INSTRUCTIONS TO FOLLOW: Every line below from the one with "Rénovation de la" through the one with "This 5-year-old boy" should be retyped exactly, both ends included; no other lines and no pictures.

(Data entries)
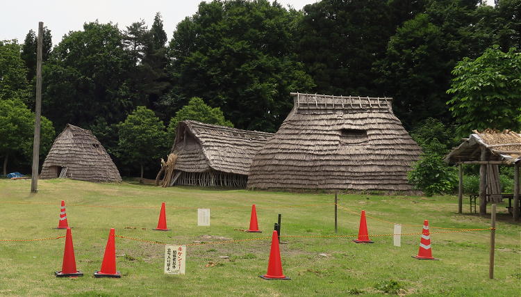| 野外には、沖ノ原遺跡をモデルとした7棟の竪穴住居が復元され、約5,000年前の風景が再現されている。 |
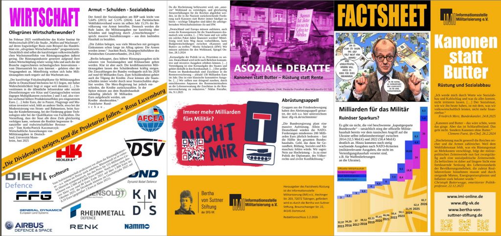 Spätestens seit dem völlig undemokratisch durchgepeitschten Beschluss im Frühjahr 2025, Militärausgaben weitgehend von der sogenannten Schuldenbremse auszunehmen, kennen die Rüstungsbudgets keine Grenzen mehr. Parallel dazu werden die Forderungen, die Sozialausgaben zur Gegenfinanzierung noch weiter zusammenzustreichen, immer unverfrorener. Die Dimensionen der aktuellen Entwicklungen scheinen bei vielen Menschen noch nicht richtig angekommen zu sein, weshalb das neue IMI-Factsheet „Kanonen statt Butter – Rüstung und Sozialabbau“ versucht, wichtige Zahlen und Fakten rund um das Thema zusammenzutragen.
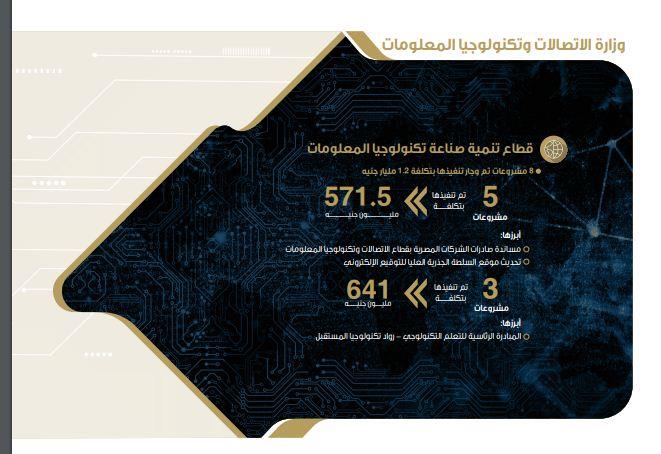ولفت كتاب الرؤية والإنجاز أنه تم وجار تنفيذ 8 مشروعات في قطاع تنمية صناعة تكنولوجيا المعلومات، بتكلفة 1.2 مليار جنيه، منها 5 مشروعات تم تنفيذها بتكلفة 571.5 مليون جنيه، أبرزها: مساندة صادرات الشركات المصرية بقطاع الاتصالات وتكنولوجيا المعلومات، تحديث موقع السلطات الجذرية العليا للتوقيع الإلكتروني. وجار تنفيذ 3 مشروعات بتكلفة 641 مليون جنيه، أبرزها: المبادرة الرئاسية للتعليم التكنولوجي – رواد تكنولوجيا المستقبل.
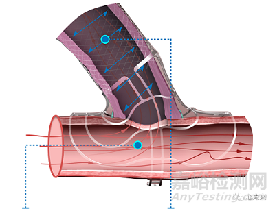 VasQ(血管外支架植入物)由兩個(gè)鎳鈦合金組件組成,一個(gè)部分(Brace)是激光切割的支撐部包裹動(dòng)靜脈瘺吻合口的動(dòng)脈,使吻合口角度為40-50度,并形成1mm的曲率半徑;另一部分(Braid)是外部的網(wǎng)狀編織物,確定血管直徑和梯度,位于吻合口的靜脈近端且不接觸血流。通過(guò)VasQ確保吻合口最佳角度來(lái)糾正血流動(dòng)力學(xué)紊亂導(dǎo)致的內(nèi)膜增生與狹窄。
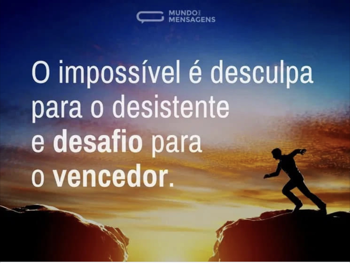 O impossível é desculpa para o desistente e desafio para o vencedor!
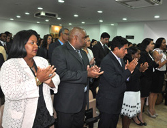 A Mesa Alta da solenidade foi composta, além do Vice-Presidente, dos advogados Marcelo Bitencourt Amaral, Georgete Barroso, Jorge Barroso, Gino Muraro, pela representante das mães, Selma Pires Moreira, das avós, Maria Tereza Simões, e dos avôs, Adilson Pereira de Souza.
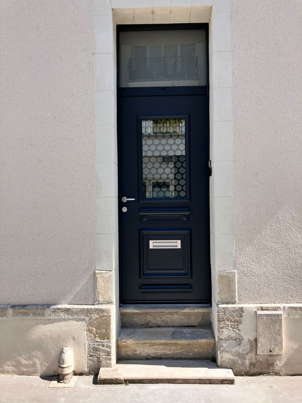 Rénovation de la porte d’entrée de cette maison avec une porte d’entrée en aluminium composée d’un triple vitrage avec grille décorative (modèle Alva), de cimaises et d’une entrée boîte aux lettres inox.
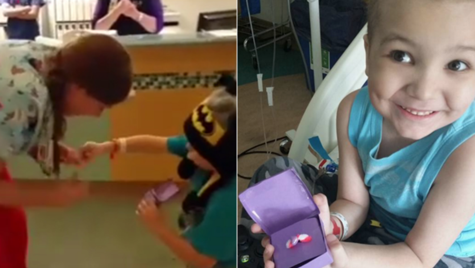 This 5-year-old boy with leukemia proposed to his nurse. Sarah Richardson is one lucky gal. When she joked with little Gideon that she wishes her boyfriend would propose, he stepped up and made a ring and popped the question! Around 30 people came out to watch him propose to Sarah while the music therapist played music in the background. Sarah happily said yes! It's stories like these that make me cry for no reason.
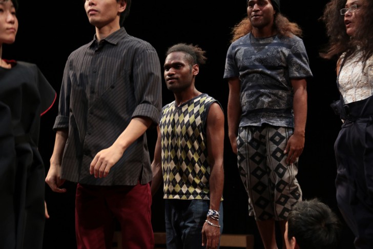 Maori, samoan, cook, kanak et japonais, les peuples du Pacifique sont aussi variés que dispersés. À travers des ateliers in situ démarrés en 2009, la chorégraphe française Régine Chopinot a tenté de les réunir dans un spectacle composite rythmé par les percussions de Francisco Escalante Vargas. Physiques imposants des Maoris et des Kanaks portant jupe et turban, allure frêle des Japonais, voix grave d'une chanteuse venue des îles, la cohabitation de ces différences produit une mosaïque d'impressions et de couleurs vocales.
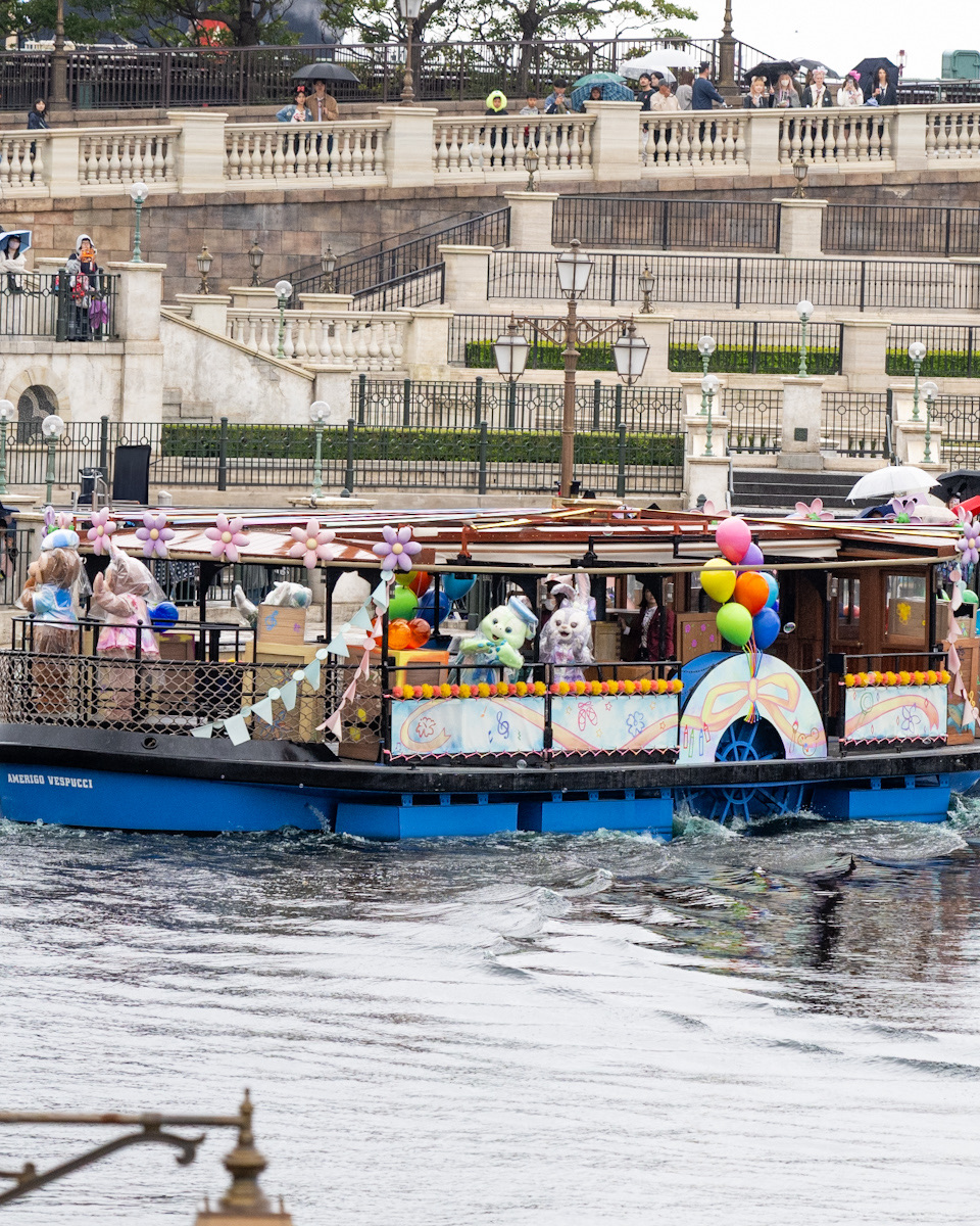 20周年をお祝いするコスチュームを着たダッフィー&フレンズが自分たちで飾り付けをした船に乗って、小さな冒険に出発☆
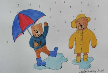 Rediscover the joy of splashing in puddles in the rain with these teddy bears. This pattern is of an original watercolor artwork drawn and painted by author and artist Susan…
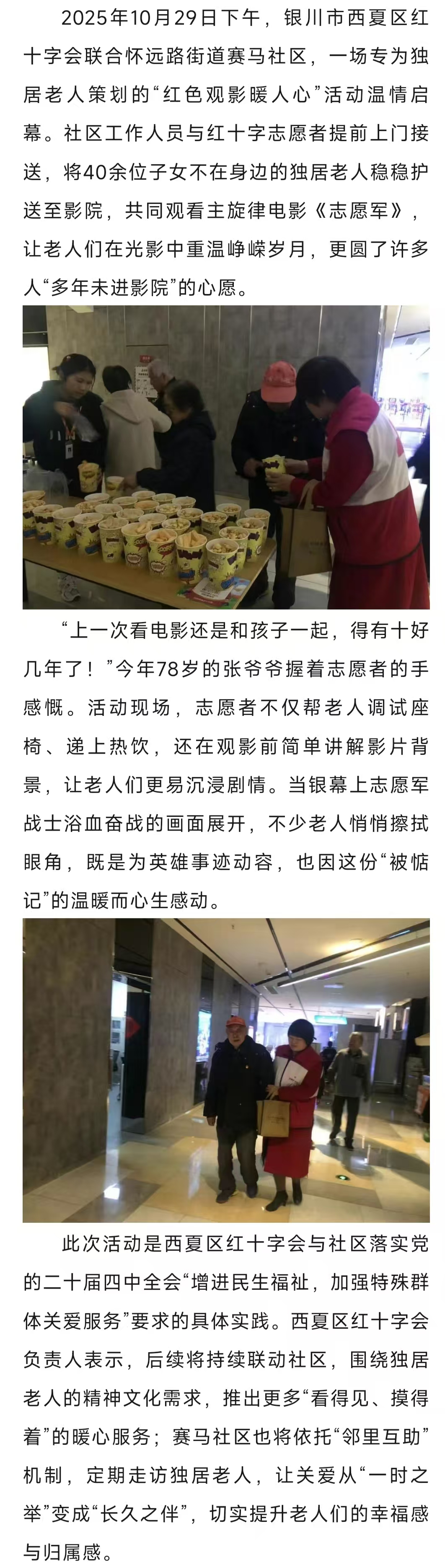 西夏区红十字会携手赛马社区:观影《志愿军》暖夕阳 独居老人重拾影院记忆
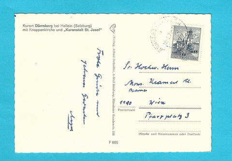 AK Kurort Dürrnberg bei Hallein mit Knappenkirche und Kuranstalt St. Josef. Gelaufen. Großformat. Verlag: Cosy. Nummeriert: F 665. Zustand: Knick am linken Rand etwas unterhalb der Mitte, sonst O.k.

REPLY:
 Rénovation de la porte d’entrée de cette maison avec une porte d’entrée en aluminium composée d’un triple vitrage avec grille décorative (modèle Alva), de cimaises et d’une entrée boîte aux lettres inox.
 This 5-year-old boy with leukemia proposed to his nurse. Sarah Richardson is one lucky gal. When she joked with little Gideon that she wishes her boyfriend would propose, he stepped up and made a ring and popped the question! Around 30 people came out to watch him propose to Sarah while the music therapist played music in the background. Sarah happily said yes! It's stories like these that make me cry for no reason.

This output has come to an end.